The profound experience expressed in this song is, in effect, an experience of reconciling man with his intimate "archeology". Just pay attention to the tone of the work to convince us of it. Light and serenity reign from end to end in the Canticle. No distress, no shadow, no trace of aggression or bitterness. Cosmic elements are stripped of their threatening and destructive character. The great ancestral images of the "Lord Sun" or "our mother Earth", of water or fire, have lost their dreadful appearance and offer a merely fraternal face. The man who fraternizes in this way with the elements no longer feels under his control. It is no longer crushed by the dark forces that represent and symbolize.
This great serenity, let's not forget, comes at the end of a life; it translates into an inner tranquility, a deep acceptance of oneself, a reconciliation between the spirit and the tumultuous forces of life. Francisco has nothing to fear from these savage forces. He has not destroyed them, but tamed them, like the wolf of Gubbio. Isn't this wolf the symbol of aggression that exists in each of us, and that Francisco, for his part, has managed to become fraternal, transforming it into a force of love? This intimate energy is now part of its impulse toward the Most High; she also brings him to the light. Isn't she the one who sings in the images of the "brother of fire, beautiful and cheerful and robust and strong?"
Francis does not only exalt creatures that manifest strength and exuberance, such as the sun, wind and fire. It also exalts the elements that make you dream in a depth of welcome, such as water and mother earth. The Song is made up of an alternation of masculine images and feminine images. To a dream element in the sense of strength and action, a dream element in the sense of intimacy and communion immediately corresponds. This alternation discovers a soul open to all its powers. The Song of the Creatures appears as the symbolic language of a man fully reconciled with his affective wholeness, born to a new and plenary personality in which all the dark forces of life and desire act themselves in the light.

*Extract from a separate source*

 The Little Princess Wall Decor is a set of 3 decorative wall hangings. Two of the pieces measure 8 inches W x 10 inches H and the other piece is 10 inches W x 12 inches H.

The fraternal vision of nature expressed in the Song of the Creatures is only possible from this intimate experience of reconciliation. This nature, freed from all fearsome and dark aspects, entirely transparent and luminous, is not a mere dream of a poet; it is the testimony and the mirror of a being in which the forces of desire and of life have been unified and clarified in a single and great love. A torn consciousness cannot help but project on the world its own inner rupture. On the contrary, a unified and happy consciousness perceives the deep and ultimate unity of beings; she sees it, sings it and cooperates with it.

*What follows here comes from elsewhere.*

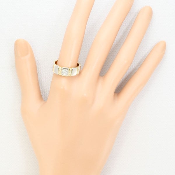 プラチナとゴールドのコントラストが美しく、1本で存在感があります。センターのダイヤモンドがしっかりとした光を捉え、周囲のメレダイヤと共に上品な輝きを演出しています。立体感のあるブロック調のフォルムが程よいボリュームを与え、クラシックさとモダンさが両立したリングとなっています。

It is true that Francis' personality was, at first, more tumultuous, less unified than that of Sister Clare, for example. But the wealth of a being is measured by the diversity of the tendencies that agitate it and by its ability to integrate them. Francis did not achieve this unification without crisis or conflict (cf. E. Leclerc: Wisdom of a poor man). Nothing, however, has been lost from its former wealth. Everything is finally reunified: the sense of the concrete and the powers of sleep, the dynamism of action and contemplative lyricism, the love of the living person, the individual and the singular and the need for a cosmic communion ... This is what makes Francis, besides an overflowing being, a wonderful interpreter of the splendor. His song is truly the song of a unified and universalized man.